During the summer months each year, once the Academy show was over, Turner would set off on tour. As well as glamorous destinations in Europe, such as Rome, Venice and Paris, he covered thousands of miles in Britain, from Sussex to north-western Scotland, and he was also a regular visitor to Yorkshire. Using the pencil sketches he made en route, he developed a series of watercolours, such as Durham Cathedral (1798-99).

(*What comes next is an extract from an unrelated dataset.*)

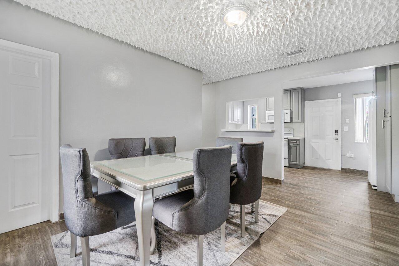 Indulge in contemporary living with this 4-bed, 2-bath ranch-style home on a spacious corner lot located in North Miami. Renovated kitchen showcases beautiful wood, grey cabinets, white appliances, & luxurious countertops. New bathrooms feature expansive walk-in showers, glass doors, custom tile, wood vanities, smart mirrors, & quartz countertops. Equipped with full solar power, roof 2010, complete accordion shutters, & 2023 AC unit. Home is both energy-efficient & storm-ready. Inside, wood-look ceramic tile enhances the entire space. Copper pipes replaced w/PVC. Ample parking, fenced yard, & generous patio areas invite outdoor enjoyment. Bonus storage unit & camera & alarm systems complement home nicely as well. Freshly painted interior & exterior add to the appeal of this modern haven.
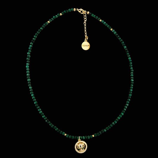Colier cu Jaguar (Arhetip Șamanic) și Malachit fațetat pentru putere și vitalitate

Like Gainsborough before him, he also recognized the importance of reproductive prints (whether through line engraving or mezzotint) as a means of securing a much bigger audience than he could impress at the Academy’s exhibitions.
While Turner applied his own unique style to all he encountered on his travels, and quickly achieved success, Constable laboured long and hard to forge a very different type of painting that addressed the specifics of the places he knew well. If you go to East Bergholt or Dedham in Suffolk, you will have no problem spotting his subjects. But even if you have never been to Suffolk, you can’t miss the veracity of Constable’s depiction of the countryside. This is all too easy to take for granted now, but it appeared awkward and unconventional when seen in the early 19th century.
Questioning the direction signposted by Turner, Constable had articulated his desire for a simpler, less artificial type of landscape, which he termed "natural peinture". This led him to work directly in front of his subjects in oils. Though this was a practice that had long antecedents in British (and European) painting, what was unusual in Constable’s art was that he developed some of his compositions fairly fully en plein air, with only final revisions to the canvases once he got them back to his studio.
By the 1820s, when he had at last begun to gain recognition at the Academy, Constable altered his method to produce some of the most ambitious landscapes of the period. Pictures such as The Leaping Horse (1825) retained the authenticity of his close observation of nature, but adopted an increasingly expressive application of the paint. And when the Hay Wain (1824) was shown in Paris it communicated a new vision of landscape and a fresh means of recording it that remained a palpable influence in France, from the Barbizon School to the Impressionists. In fact it is Constable, rather than Turner, who should be lauded as the "first Impressionist". Either way, the achievements of the two men as landscape artists heralded and reflected a new fascination with the environment, which continues to stimulate new responses more than 150 years later, as seen in this show in contemporary works by Academicians Michael Kenny and Richard Long.
Constable, Gainsborough, Turner and the Making of Landscape, John Madejski Fine Rooms and Weston Rooms, Royal Academy of Arts, 8 December–17 February 2013
Loutherbourg (Strasbourg 1740-London 1812), Musée de la Ville de Strasbourg, 17 November–18 February 2013
Ian Warrell is a curator and Turner scholar.